WHAT THE TASK ASKS -
Only the text should be kept: print every entry below exactly and leave each image out.

Dataset entries
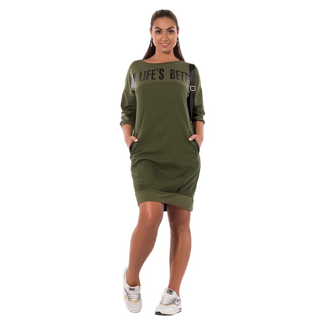 Letter Print Large Size Warm Dress
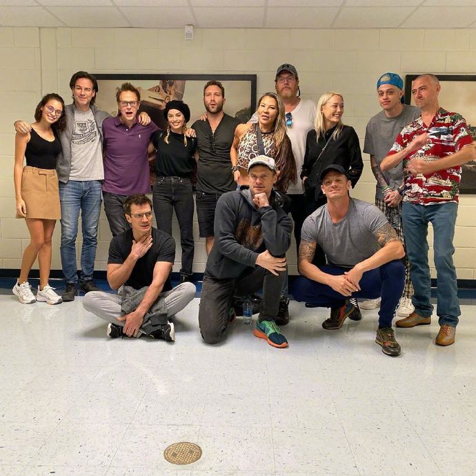 而詹姆斯·古恩也在社交媒体晒了一张图片并配文:《自杀小队2》剧组及“螳螂妹”庞·克莱门捷夫一起看《小丑》。
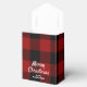 Caja de Favor de Buffalo Rojo y Negro en forma triangular con arco, con Confetti Purpurina de Oro y redacción personalizada es perfecta para dar a los Navidades Regalos y favores de fiesta de vacaciones.
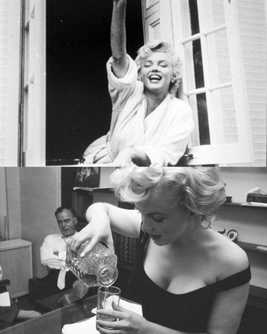 And finally, two more relaxed shots of Marilyn: firstly, Yale Joel captured her waving to the crowd from inside the window of a brownstone house on East 61st Street, NYC, during filming of The Seven Year Itch in 1954. And in 1958, Robert Kelley photographed Marilyn in her East 57th Street apartment, pouring drinks for theatre producer Kermit Bloomgarden and Miller, seated off-camera.
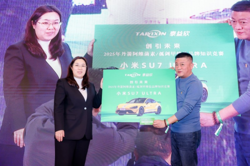 發(fā)布會已圓滿落幕,隨后進行了媒體采訪、自由攝影以及雞尾酒會等活動,為與會者提供了一個充分的交流與互動平臺。當(dāng)晚,一場盛大的晚宴順利舉行,通過《品牌知識競賽抽取神秘大獎》活動,進一步加深了與會各方對泰益欣品牌的認識與理解。在知識競賽中確定了抽獎嘉賓,并以公平、公正、透明的方式抽取了神秘大獎。最終,南京嘉綠化工有限公司榮獲了神秘大獎——價值529900元的小米su7ultra汽車一輛。
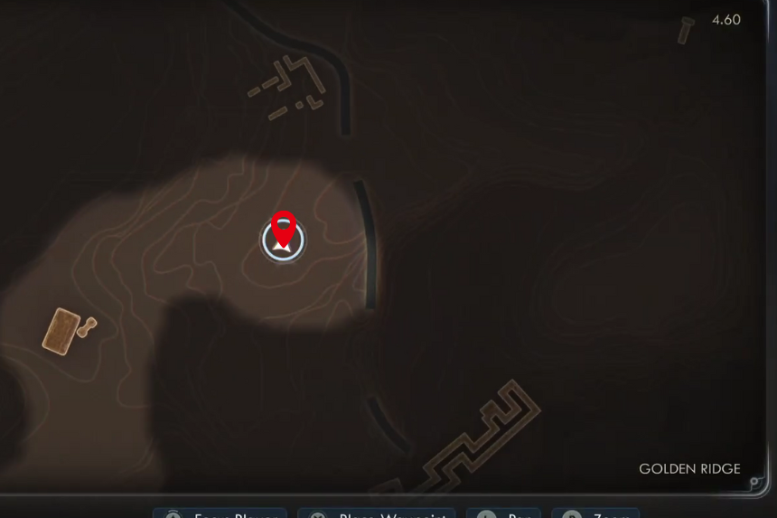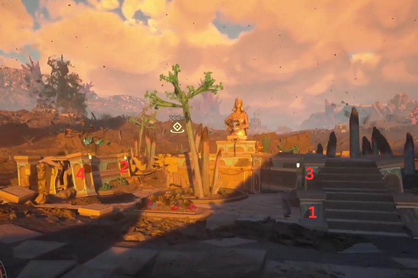 Northeast of Scrapper’s Den, you will find a ruined memorial with a statue and four plaques on the ground. Interacting with the plaques will raise the statue and reveal a hidden door underneath.
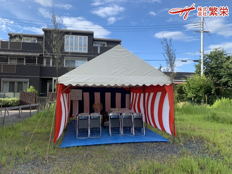 地鎮祭会場準備・地鎮祭テント設営なら地鎮祭業者の 株式会社繁栄 まで
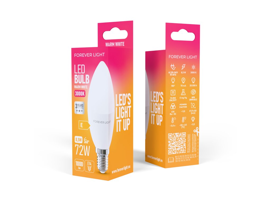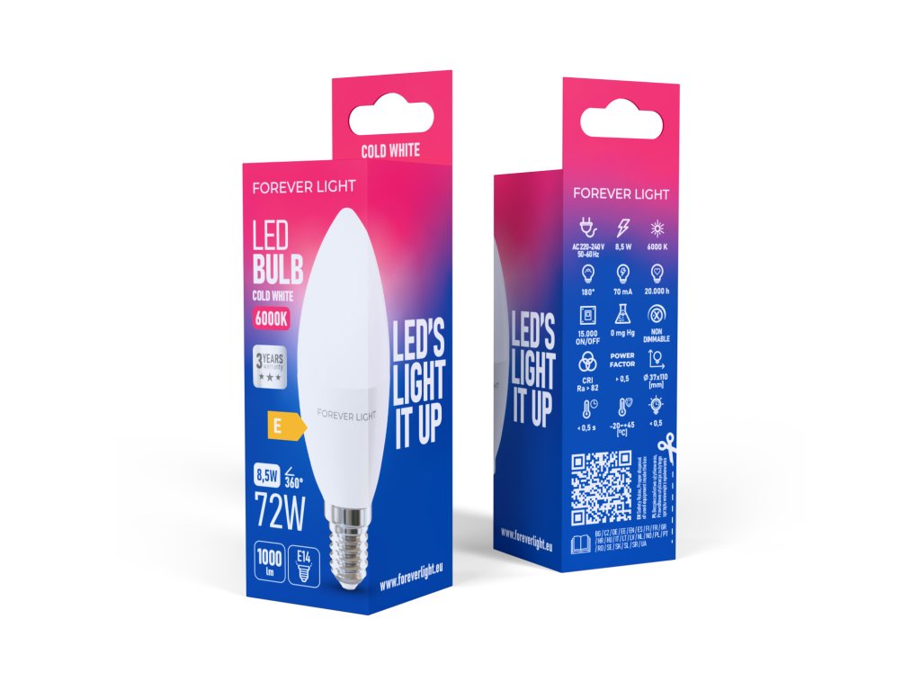 LED izzó E14 8,5W, 1000lm, C37, gyertya, 2+2 gratis!
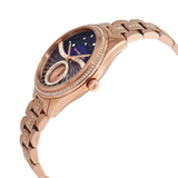 Dial: celestial-inspired blue sunray multifunction with fan texture overlay and crystal pavé motif
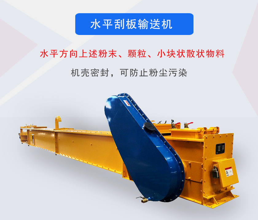 水平刮板輸送機(jī)是指水平方向上輸送粉狀及顆粒狀物料的設(shè)備,可單點(diǎn)或多點(diǎn)進(jìn)料,出料,水平刮板輸送機(jī)分為普通型、密封型和特殊型三類,采用密封式設(shè)計(jì),可防止粉塵污染.
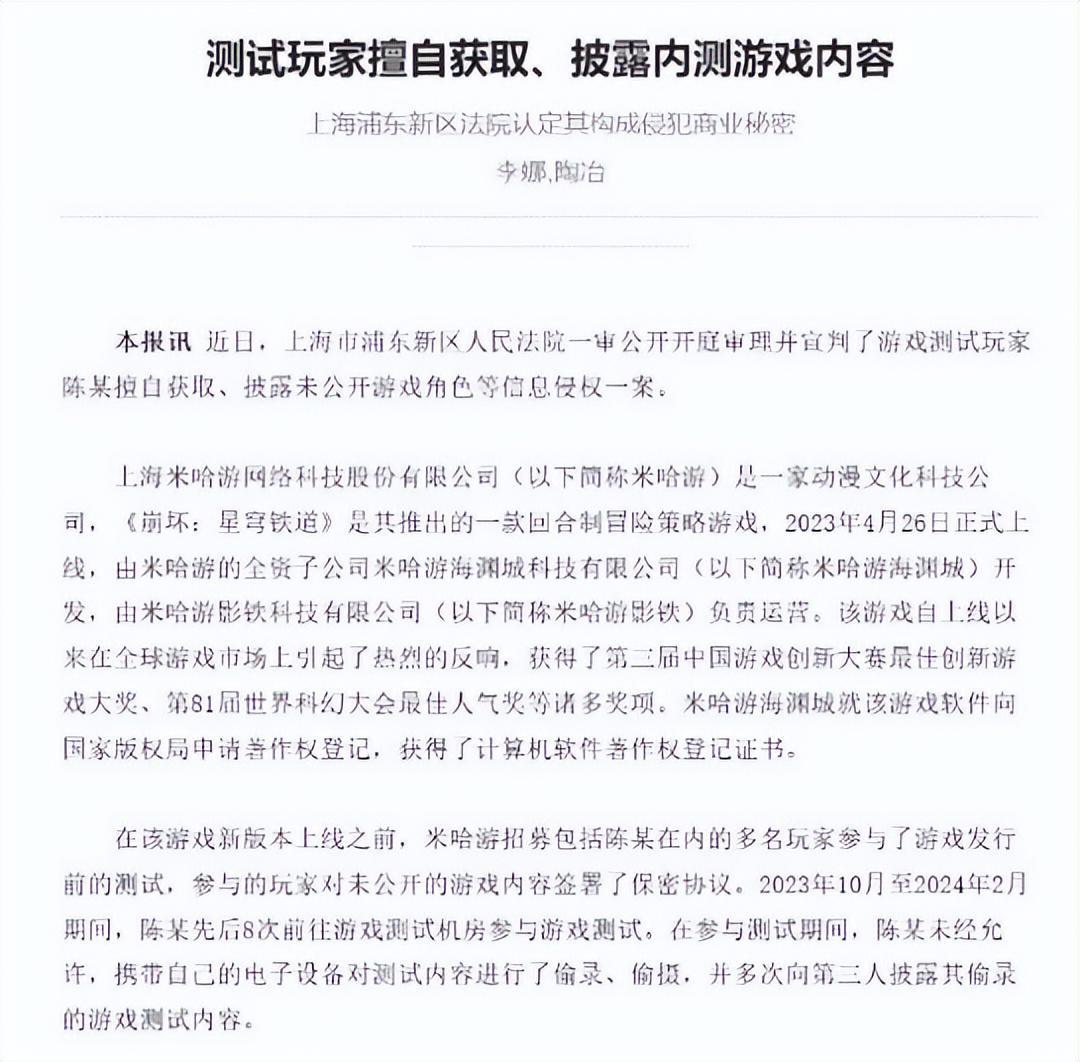 近日上海市浦東新區人民法院公開開庭審理了《崩壞:星穹鐵道》測試玩家陳某「擅自獲取、披露未公開遊戲角色等信息侵權」一案,認定其構成侵犯商業祕密,判決賠償50萬元,被告表示接受判決不上訴。
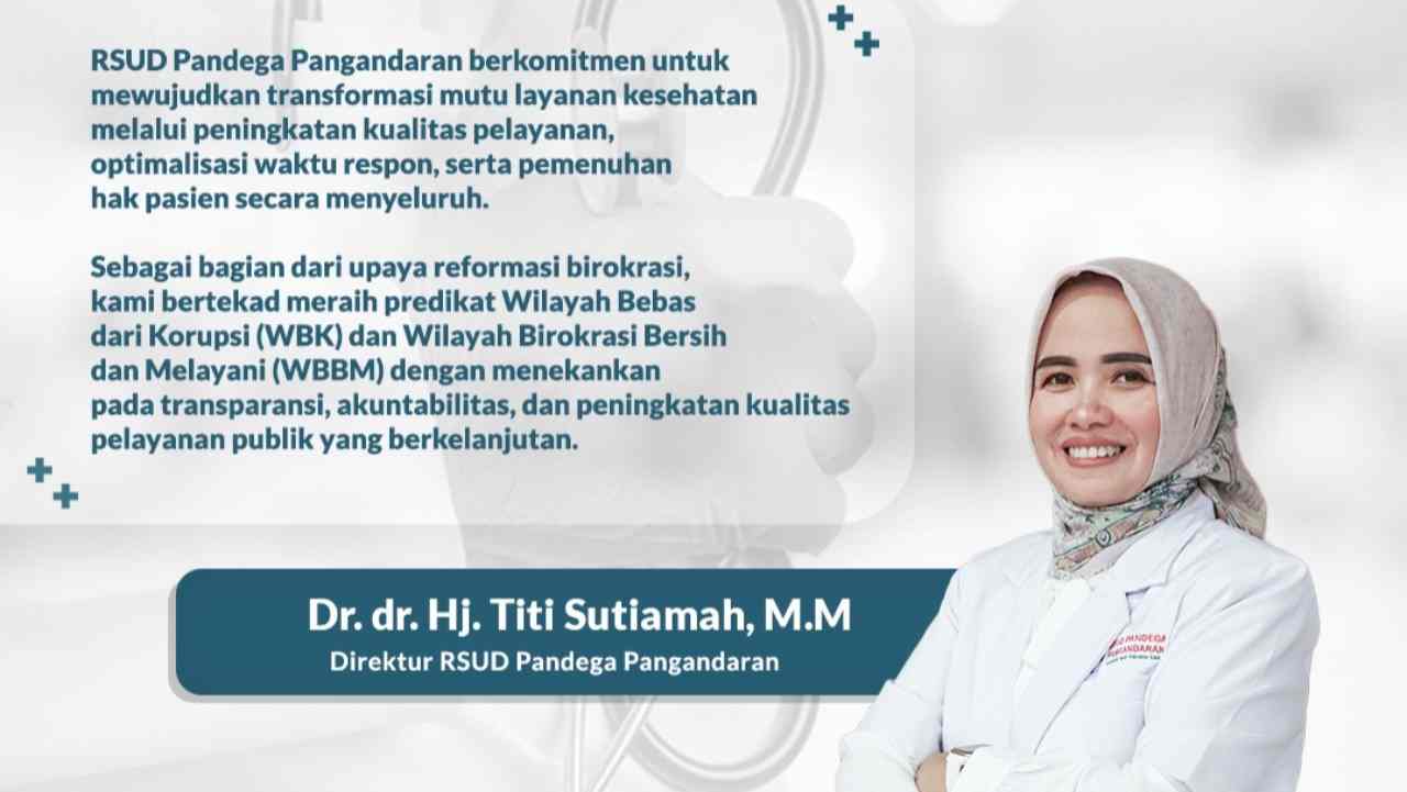 Direktur RSUD Pandega Pangandaran, Dr. dr. Hj. Titi Sutiamah, M.M, menegaskan, reformasi birokrasi di lingkungan rumah sakit bukan sekadar slogan, melainkan gerakan nyata untuk membangun sistem pelayanan yang profesional, transparan dan berorientasi pada kepuasan masyarakat.
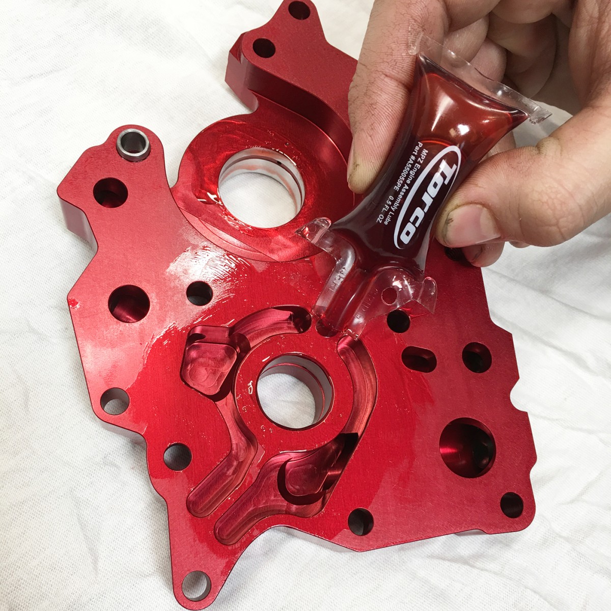 • Increase engine oil flow and volume by enlarging the oil pump reservoirs and critical oil passages including the scavenge return holes from the pump to the camplate and into the engine case. This camplate also matches the oil port holes throughout the camplate to the port holes in the engine case increasing engine oil flow throughout the engine.

EXERCISE SOLUTION -
 Letter Print Large Size Warm Dress
 而詹姆斯·古恩也在社交媒体晒了一张图片并配文:《自杀小队2》剧组及“螳螂妹”庞·克莱门捷夫一起看《小丑》。
 Caja de Favor de Buffalo Rojo y Negro en forma triangular con arco, con Confetti Purpurina de Oro y redacción personalizada es perfecta para dar a los Navidades Regalos y favores de fiesta de vacaciones.
 And finally, two more relaxed shots of Marilyn: firstly, Yale Joel captured her waving to the crowd from inside the window of a brownstone house on East 61st Street, NYC, during filming of The Seven Year Itch in 1954. And in 1958, Robert Kelley photographed Marilyn in her East 57th Street apartment, pouring drinks for theatre producer Kermit Bloomgarden and Miller, seated off-camera.
 發(fā)布會已圓滿落幕,隨后進行了媒體采訪、自由攝影以及雞尾酒會等活動,為與會者提供了一個充分的交流與互動平臺。當(dāng)晚,一場盛大的晚宴順利舉行,通過《品牌知識競賽抽取神秘大獎》活動,進一步加深了與會各方對泰益欣品牌的認識與理解。在知識競賽中確定了抽獎嘉賓,并以公平、公正、透明的方式抽取了神秘大獎。最終,南京嘉綠化工有限公司榮獲了神秘大獎——價值529900元的小米su7ultra汽車一輛。
 Northeast of Scrapper’s Den, you will find a ruined memorial with a statue and four plaques on the ground. Interacting with the plaques will raise the statue and reveal a hidden door underneath.
 地鎮祭会場準備・地鎮祭テント設営なら地鎮祭業者の 株式会社繁栄 まで
 LED izzó E14 8,5W, 1000lm, C37, gyertya, 2+2 gratis!
 Dial: celestial-inspired blue sunray multifunction with fan texture overlay and crystal pavé motif
 水平刮板輸送機(jī)是指水平方向上輸送粉狀及顆粒狀物料的設(shè)備,可單點(diǎn)或多點(diǎn)進(jìn)料,出料,水平刮板輸送機(jī)分為普通型、密封型和特殊型三類,采用密封式設(shè)計(jì),可防止粉塵污染.
 近日上海市浦東新區人民法院公開開庭審理了《崩壞:星穹鐵道》測試玩家陳某「擅自獲取、披露未公開遊戲角色等信息侵權」一案,認定其構成侵犯商業祕密,判決賠償50萬元,被告表示接受判決不上訴。
 Direktur RSUD Pandega Pangandaran, Dr. dr. Hj. Titi Sutiamah, M.M, menegaskan, reformasi birokrasi di lingkungan rumah sakit bukan sekadar slogan, melainkan gerakan nyata untuk membangun sistem pelayanan yang profesional, transparan dan berorientasi pada kepuasan masyarakat.
 • Increase engine oil flow and volume by enlarging the oil pump reservoirs and critical oil passages including the scavenge return holes from the pump to the camplate and into the engine case. This camplate also matches the oil port holes throughout the camplate to the port holes in the engine case increasing engine oil flow throughout the engine.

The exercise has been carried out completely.